Indikator utama kemiskinan menurut BAPPENAS dapat dilihat dari :
1. kurangnya pangan, sandang dan perumahan yang tidak layak;
2. terbatasnya kepemilikan tanah dan alat-alat produktif;
3. kuranya kemampuan membaca dan menulis;
4. kurangnya jaminan dan kesejahteraan hidup;
5. kerentanan dan keterpurukan dalam bidang sosial dan ekonomi;
6. ketakberdayaan atau daya tawar yang rendah;
7. akses terhadap ilmu pengetahuan yang terbatas.
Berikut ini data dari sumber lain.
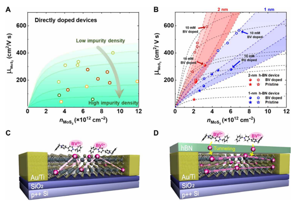 Figure 2. Experimentally determined mobility (μMoS2) and calculated mobility (μimp) as a function of carrier concentration (nMoS2). The μimp values are calculated for (A) direct doping (green lines) and (B) remote doping (blue lines for the 1-nm h-BN interlayer and red lines for the 2-nm h-BN interlayer) for different impurity concentrations. μMoS2 and nMoS2 values of remotely doped devices with the 1-nm (2 nm) h-BN interlayer are plotted as blue (red) circles and their pristine values are plotted as blue (red) stars, determined at 10 K to minimize the contribution of the phonon scattering. The schematic images of (C) the directly doped device, and (D) the remotely doped device in which the h-BN interlayer suppresses the charged impurity scattering induced by the remote BV2+ dopants.

Salah satu program kesehatan yang mendukung MDG’s adalah Sanitasi Total
Berbasis Masyarakat (STBM).
Pemerintah telah memberikan perhatian di bidang hygiene dan sanitasi dengan
menetapkan Open Defecation Free dan peningkatan perilaku hidup bersih dan sehat pada
tahun 2009 dalam Rencana Pembangunan Jangka Menengah Nasional (RPJMN) Tahun
2004 - 2009. Hal ini sejalan dengan komitmen pemerintah dalam mencapai
target Millennium Development Goals (MDGs) tahun 2015, yaitu meningkatkan akses air
minum dan sanitasi dasar secara berkesinambungan kepada separuh dari proporsi
penduduk yang belum mendapatkan akses. Menyadari hal tersebut di atas, pemerintah
telah melaksanakan beberapa kegiatan, antara lain melakukan uji coba
implementasi Community Led Total Sanitation (CLTS) di 6 Kabupaten pada tahun 2005,
dilanjutkan dengan pencanangan gerakan sanitasi total oleh Menteri Kesehatan pada
tahun 2006 di Sumatera Barat serta pencanangan kampanye cuci tangan secara nasional
oleh Menko Kesra bersama Mendiknas dan Meneg Pemberdayaan Perempuan tahun
2007.
Sebagai tindak lanjut, dilakukan replikasi CLTS di berbagai lokasi oleh berbagai
lembaga, baik pemerintah maupun non pemerintah, yang menghasilkan perubahan
perilaku buang air besar di sembarang tempat, sehingga pada tahun 2006 sebanyak 160
desa telah ODF dan tahun 2007 mencapai 500 desa. (Depkes, 2007).